UPMC Passavant-Cranberry begins $6.6 million renovation
CRANBERRY TWP — UPMC Passavant-Cranberry began a $6.6 million renovation this summer as part of its ongoing “First Impressions” projects.
“Basically about four years ago, we made a request from the Passavant Hospital Foundation for $12 million to do a series of projects called our First Impressions projects,” Keith Lorenz, vice president of operations, said Tuesday, Aug. 15. “And that included projects at both the McCandless and the Cranberry campuses.”
UPMC was expected to match the funding for a little over $24 million in projects.

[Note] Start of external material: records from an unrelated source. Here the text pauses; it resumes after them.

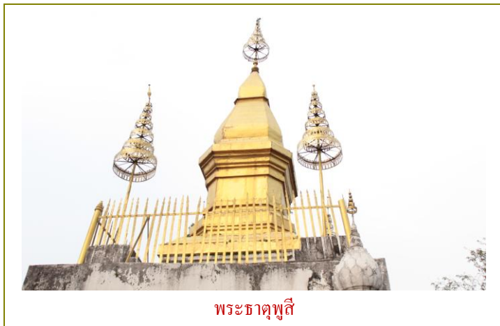
พระธาตุพูสี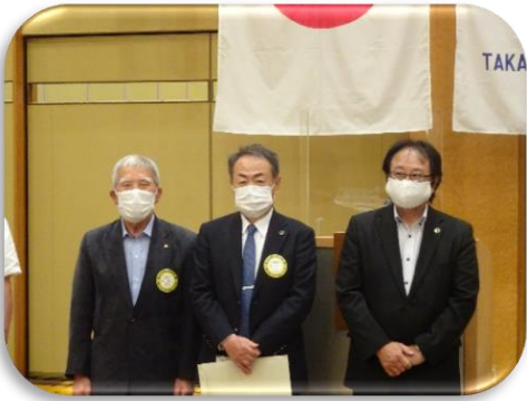
4月 箕・難波・幡・造田・岩村・福島会員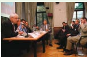
■ Komisar EÚ Vladimír Špidla na seminári o spoločenskej zodpovednosti firiem v Prahe, september 2006

Druhou oblasťou bolo porovnávanie výšky, rozsahu a intenzity verejných stimulov pre veľkých zahraničných investorov oproti podpore domácich malých a stredných podnikateľov. Keďže vláda odmietla zverejniť požadované informácie, museli sme ich vymáhať v niekoľkých právnych sporoch. Podporu nám v tomto poskytli organizácie Občan a demokracia a Via Iuris, avšak napriek úsiliu sa nám nepodarilo získať dostatok informácií pre dokončenie porovnávacej štúdie.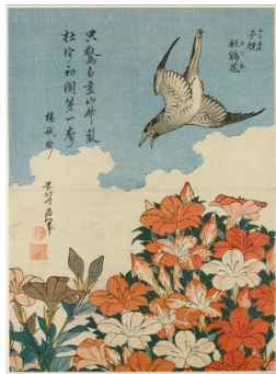
Resim: 1 Guguk Kuşu ve Azaleas, ahşap blok baskı, 1828( https://www.pinterest.com/banksothecreeks/hokusais-birds-flowers ).

“Modern olma” anlamı da taşıyan Ukiyo-e, Edo döneminde ortaya çıkan bir resim sanatı türüdür. Fani Dünya Resimleri anlamına gelen Ukiyo-e, günlük yaşamdan sahnelerin de konu alındığı, döneminin çağdaş resmidir. Konularını yerel efsanelerden, dinden, edebiyattan, şiirden, imparator ve ailesi ile ilgili hikayelerden, geleneksel Japon tiyatrosundan, Kabuki aktörlerinden ve yaşamın akışından alır. Klasik Japon resminin üstüne kültürel öğeleri ve günlük yaşamdan parçaları ekler. Peyzaj konuları da bu yeni tarza göre biçimlenir. Eski tip elle boyanan Japon kitaplarının içinde ve kapaklarında da kullanılan Ukiyo-e tarzı, genellikle renkli ahşap bloklarla baskı şeklinde uygulansa da, akımın ilk dönemlerinde fırça ile suluboya etkisi veren Ukiyo-e resimleri de bulunmaktadır. 17. yy’dan 19. yy’a kadar Japon kültüründe bir tür eğlenceye dönüşen Ukiyo-e tarzında resimlenmiş kitaplar ve resimler görsel kültürün yaygınlaşmasında önemli bir rol üstelenir (Resim 1-2).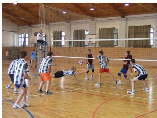
1. místo chlapců v krajském kole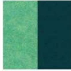
PETfelt Celadon 39 ECOfet Lagoon 608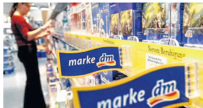
Die Marke dm ist für Schlecker ein harter Brocken.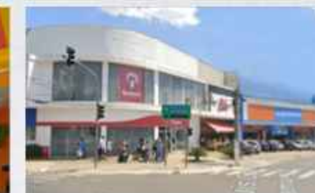
BRÁDESCO / BABY / MAGAZINE LUIZA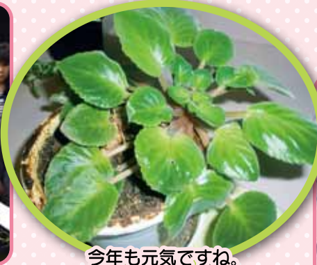
今年も元気ですね。 セントポーリア ナント10才以上です。 (天寿荘食堂にあります。)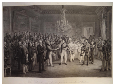
Vue générale 2014-6 IVR84_20216301011NUCA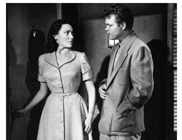
1954 THIS IS MY LOVE de Stuart Heisler avec Hal Baylor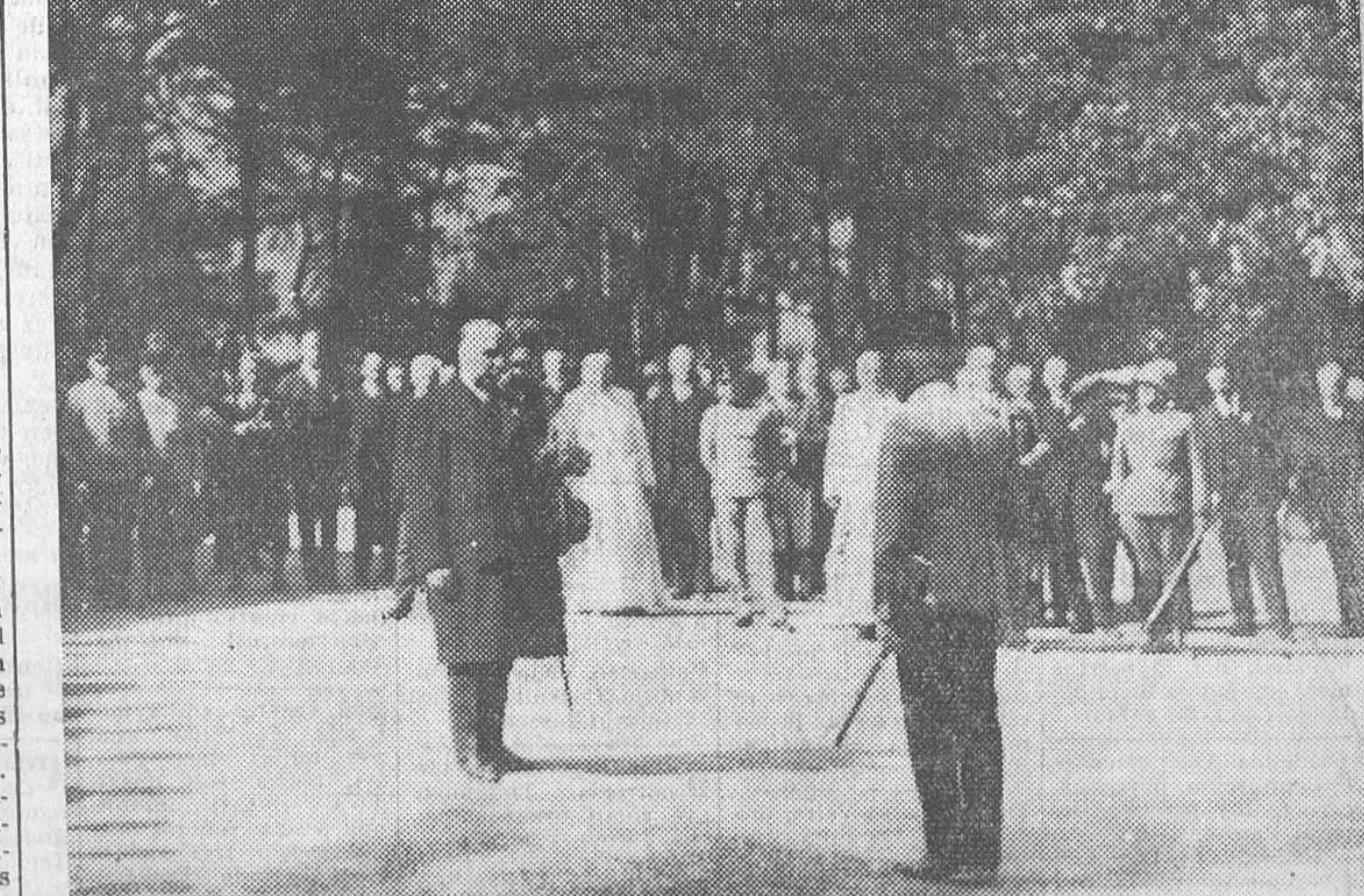
En Innsbruck se ha celebrado la gran fiesta de los francos tiradores, a la que han asistido más de 40.000 tiroleses, para celebrar la fecha—1805—de la independencia del Tirol. El presidente, Miklas, ante el monumento de los tiroleses muertos por la patria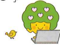
会員数(令和2年3月31日現在)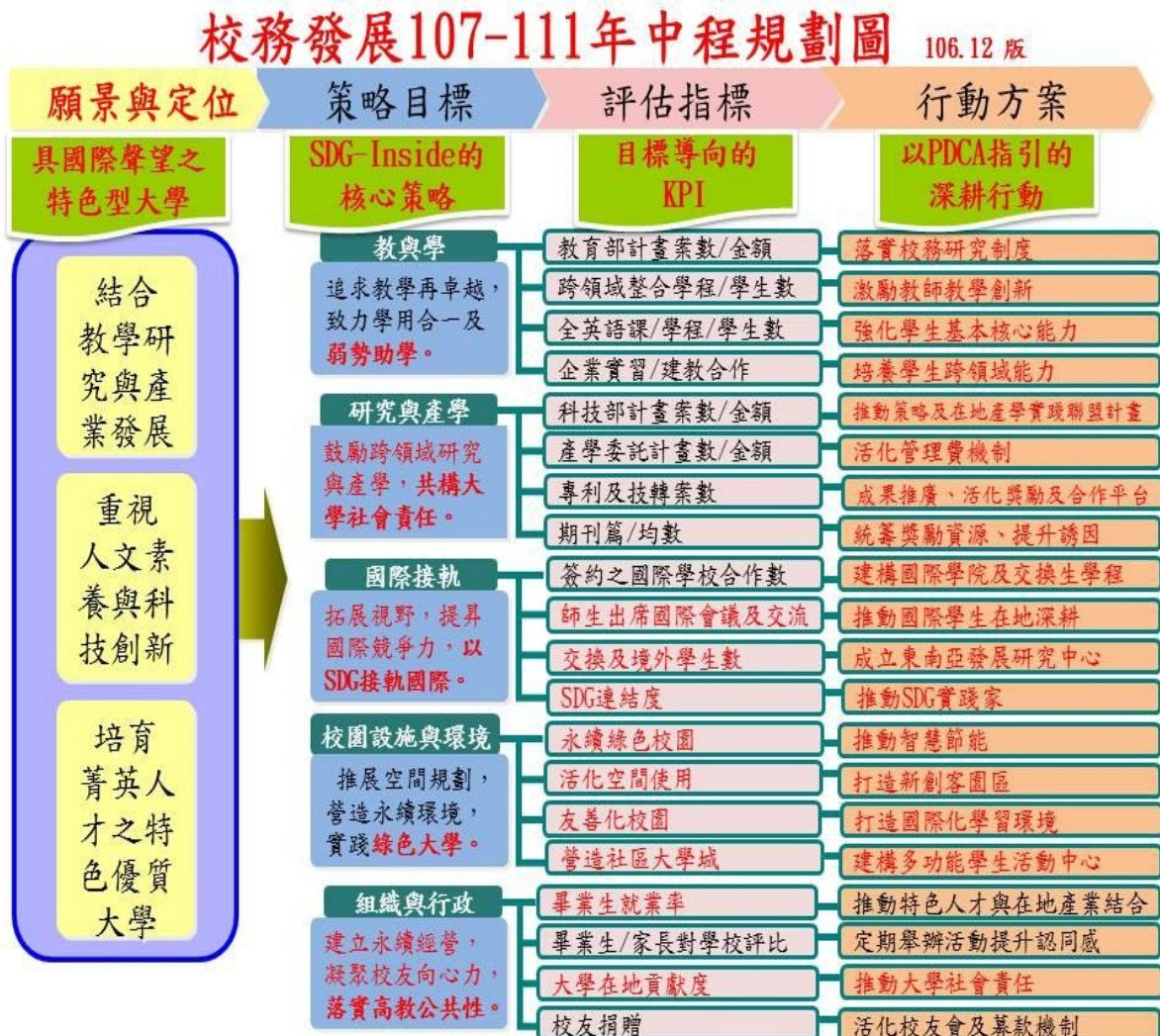
【圖 2】國立高雄大學校務發展 107-111 年中程規劃圖

在全校師生同仁努力下，102 至 106 年度辦學績效已逐步彰顯。然為因應全球高等教育國際化之趨勢、少子化與高齡化之影響、新南向政策、「數位國家、創新經濟」科技政策、教育部高教深耕、創新轉型、大學社會責任等計畫、高雄市產業發展方案等，以及本校 104 至 106 年度教學卓越計畫之執行成果，因此，在 107 至 111 年度之校務發展重點，將以「校務發展 107-111 年中程規劃圖」為基礎，導入「SDGs-Inside」做為未來五年校務發展之策略指引，並基於上述環境變化及執行成效考量，重新檢討，擬定最新具體可行之行動方案及重點工作，並廣續進行管考。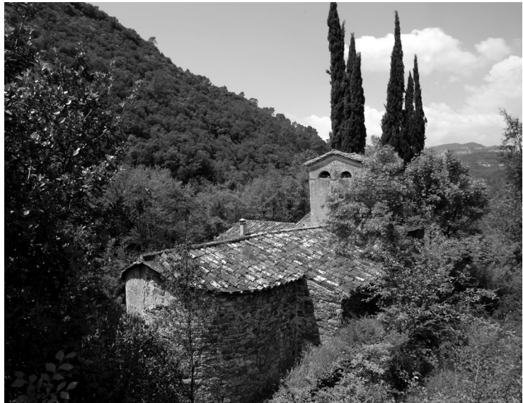
Imatge 12. Sant Pere de Vallcàrquera, on destaca el campanar rectangular i l'absis semicircular. Fotografia: Pere Cornellas, 2004.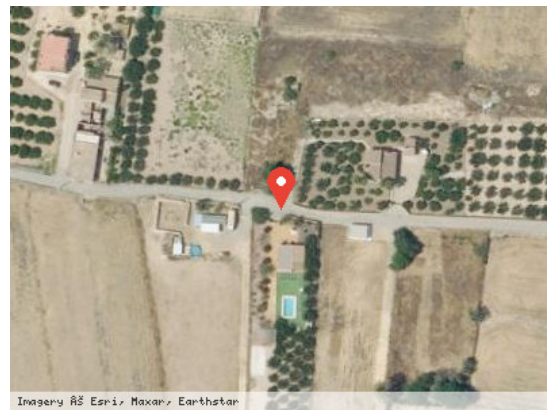
Vista Satélite (Zoom)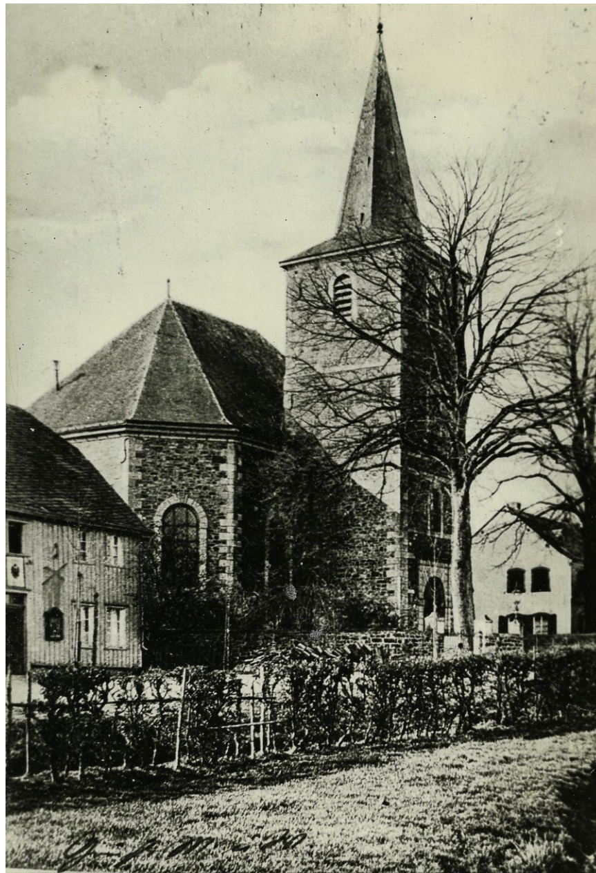
Unser ältestes Bild der ev. Kirche Roetgen (Foto ca. 1900), die 1782 eingeweiht wurde. Sie war Teil des Roetgener Ortzentrums am Ende des 18. Jahrhunderts.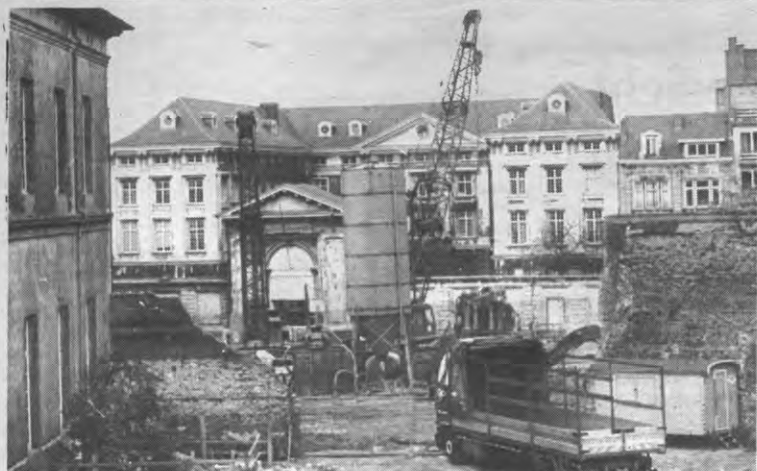
Niet enkel buiten, maar ook in de Valk worden hamer en boor gehanteerd.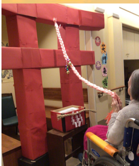
施設の神社で初詣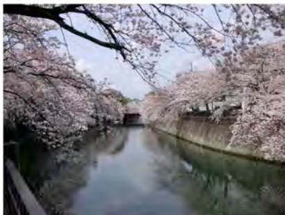
Flor de Cerezo en Tokyo Foto de Eriko Katsuo, Japón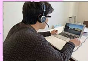
テレワークでの現場確認状況

テレワーク中の担当者でも、自宅でPC等で確認・指示・注意を行うことができ、テレワークの活用と現場における対人接触の低減に資する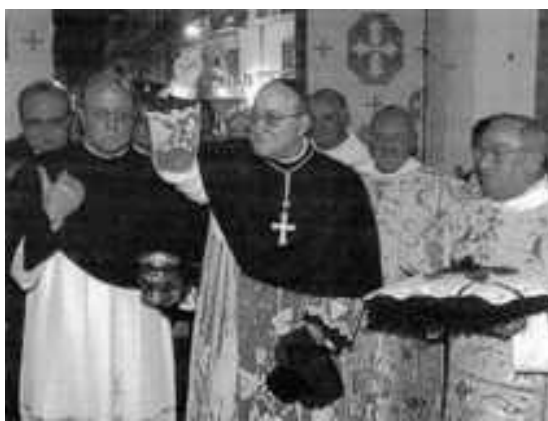
L'ingresso nella Basilica di S. E. l'Arcivescovo M. Milano, dell'Arciprete Parroco don S. Rossi. A sinistra l'On. N. Marrazzo

1. Il titolo di Basilica Pontificia per la Chiesa di San Sossio di Frattamaggiore, munus del Papa Benedetto XVI, è stato solennemente annunciato dall'Arcivescovo Mario Milano durante la celebrazione liturgica del 26 Novembre 2006. Questo titolo viene a conclusione di un percorso di fede e di iniziative realizzato da tutta la Comunità ecclesiale e civile frattese insieme con il parroco Sossio Rossi. Il percorso partito da tempo si è identificato con i momenti religiosi e culturali dell'anno giubilare 2005-2006, indetto per celebrare la memoria del XVII centenario di San Sossio martire campano del IV secolo.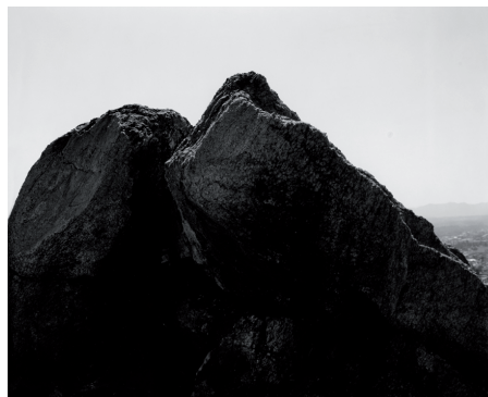
Robert Adams, La Loma Hills, California , 1984. Achat en 1989 Centre national des arts plastiques. FNAC 89594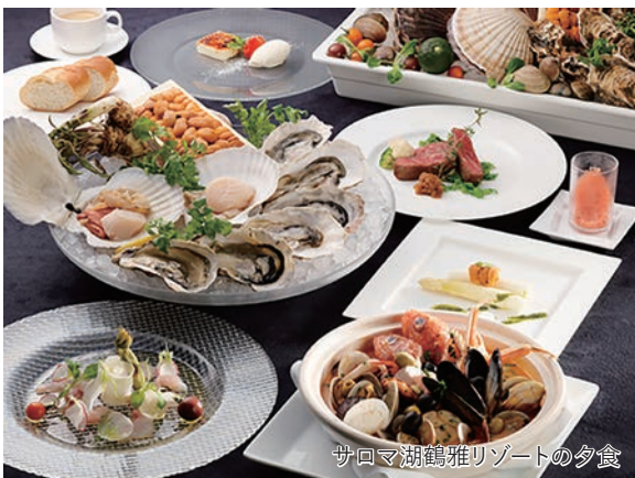
サロマ湖鶴雅リゾートの夕食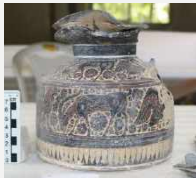
Jarro com pintura. Coleção Imperatriz Teresa Cristina / Painted jar Empress Teresa Cristina Collection.

“It included the main lobby at Cranberry, the nurse’s station at Cranberry, the main lobby at McCandless and our public restrooms at McCandless to make them ADA compliant,” Lorenz said. “It’s a lot of our public-facing areas.”
The first phase completed was the nurses station at UPMC Passavant-Cranberry, he said, just under two-and-a-half years ago.
“Then we shifted our focus down to McCandless,” Lorenz said. “And we’ve been working on our McCandless projects for the last, probably, three years or so.”
Renovations at UPMC Passavant-McCandless were finished July 17, with a ribbon-cutting being held Wednesday, Aug. 16.
“And now that that’s done, we’ve started our Cranberry projects,” Lorenz said.
With expected completion in mid-2025, the Cranberry campus’ renovations will see a significant overhaul of all public areas, according to Lorenz.
“It will renovate the emergency department waiting room, it will renovate the main lobby, and we’re actually adding an expansion to the front of the hospital to give some more space in the waiting area,” he said.
Over the last 10 to 15 years, Lorenz said, most of the campuses’ projects have focused on clinical areas in the hospital, making it the goal of the “First Impressions” projects to update the public areas.
“Our vision was to make the arrival experience consistent with the level of clinical care that we deliver — just really elevating the public-facing areas of our hospital,” he said.
Beginning in early July, crews renovated a vestibule and hallway connected to the main lobby according to Taylor O’Dair, manager of operations.
Crews have since begun work on the first half of the emergency department’s waiting room, he said, with completion expected in October.
“And we’re expanding our outpatient testing area,” Lorenz said. “We’re increasing the capacity by almost 100%.”
He said future renovations would add two phlebotomy areas to the hospital as well as an area for EKGs.
“And then the last thing that we’re going to do, we’re adding what we call ‘Market C,’” Lorenz said. “It is a 24-hour self-service convenience store, and it’s going to be open to the public and to our employees.”
The automated market will monitor purchases through video cameras, allowing customers to purchase snacks and drinks without staff.
“We have this at a lot of other UPMC facilities, and they have been very successful there,” Lorenz said.
The nearly two-year project will be done in phases, according to Lorenz, to ensure continued operation of this “key” area.
“We’re working on our first phase right now, which is half of the emergency department waiting room,” he said. “We actually have a temporary entrance into the emergency department right now, because the vestibule and the waiting area are under construction.”
However, he said that some of the hospitals’ “flow” will be disrupted as the project ramps up. Currently the path from the hospital to the medical office building is closed for the project, with a “temporary detour set up all throughout the facility.”
“So it will be a little bit of a maze here for a little bit,” Lorenz said, “but nothing insurmountable for us.”
He said he hoped the project, and projects like it, would continue to attract county residents to the “world-class care that UPMC delivers.”
“The Cranberry campus is such an important part of UPMC and especially our relationship with the Cranberry community,” Lorenz said. “And being able to continue to invest in that facility is something that’s important for us, and it’s certainly one of UPMC’s key neighborhoods to continue to support.”